Elements of a Contract
A verbal contract can be legally binding, but to avoid any confusion, a written contract is best. A valid and enforceable contract will clearly define all details of the agreement, including:
- Clear identification of all parties involved in the contract.
- The obligations and rights of each party included in the contract.
- The services or products offered by one party to the other party.
- Evidence that the other party agreed to the offer.
- Any considerations that each party gave or obtained through the contract.
- The terms and conditions of any payments by the parties involved.
- The terms for ending the contract.
- The terms for resolving any disputes in the contract.
Breach of Contract Elements
For someone to claim breach of contract in Nevada, the following elements must occur:
- A valid contract must exist between the plaintiff and the defendant.
- The defendant didn't pay the other party for their services or the defendant only partially performed the services agreed to in the contract.
- The defendant's failure to provide products or services led to a material breach of the contract. A material breach occurs when the breach is significant enough to destroy the integrity of the contract.
- The defendant didn't offer sufficient reason for failing to pay for services or not completing the services they were contracted to perform.
- The plaintiff was in compliance with their contract terms prior to the defendant's failure to provide services or products or the plaintiff provided sufficient reason to excuse not meeting the terms.
- The plaintiff suffered damage because of the breach.
- The plaintiff's damages were a foreseeable result of a particular breach.
Damages of Breach of Contract
Breach of contract law in Nevada allows one party to file a lawsuit against the other party to obtain damages for the breach.
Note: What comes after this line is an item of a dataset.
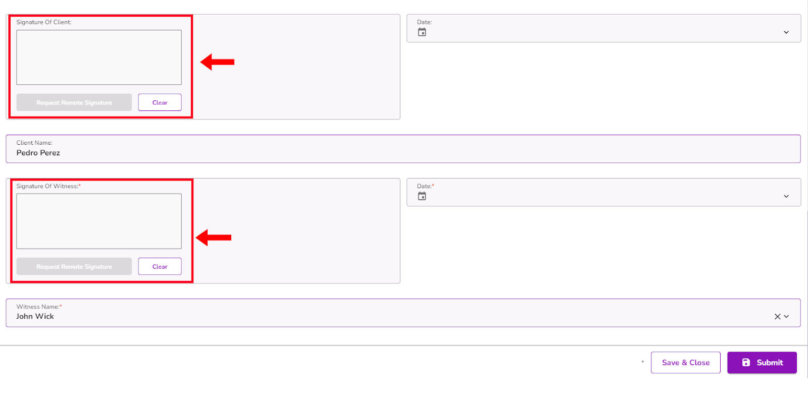 Once submitted, the form will automatically update to reflect the client’s signature.

To pursue the claim, the party must be able to prove that the breach occurred.
If the parties involved can't settle the breach on their own without legal action, it is recommended that the complainant hire an attorney. In cases where the court awards damages to the plaintiff, they are enforcing what is appropriate under the contract.
In many breach of contract cases, the plaintiff sues for monetary damages as compensation. Monetary damages are also known as compensatory damages because they compensate the plaintiff for the actual financial losses they suffered. Types of compensatory damages include:
- Expectation damages, which is the amount of money or value of the goods the plaintiff expected to receive if the defendant had satisfied the contract conditions. The plaintiff can refer to the contract terms or the market value of the promised products or services to decide this amount. For example, if an electrician installs a wiring system in a house and the homeowner agrees to pay $2,000, the electrician's expectation damages, if the homeowner doesn't pay, would be $2,000.
- Consequential damages, which is the amount of damages the plaintiff suffered indirectly because of the breach. Because it is difficult to figure out how much money the plaintiff could have gained without the breach, this amount is often speculation. For example, a limousine rental company contracts a mechanic to repair one of their vehicles and the mechanic doesn't complete the repairs. The consequential damages equal the amount of rental fees the company would have received for renting the limo. In cases where the plaintiff is seeking consequential damages, they must prove that the loss of income was foreseeable and was a direct result of the breach.
In some breach of contract cases, the plaintiff pursues other types of damages. For example, if the owner of a property decides not to sell and there is a contract for the sale in place, the buyer could ask for damages that forces the defendant to sell the property as agreed in the contract.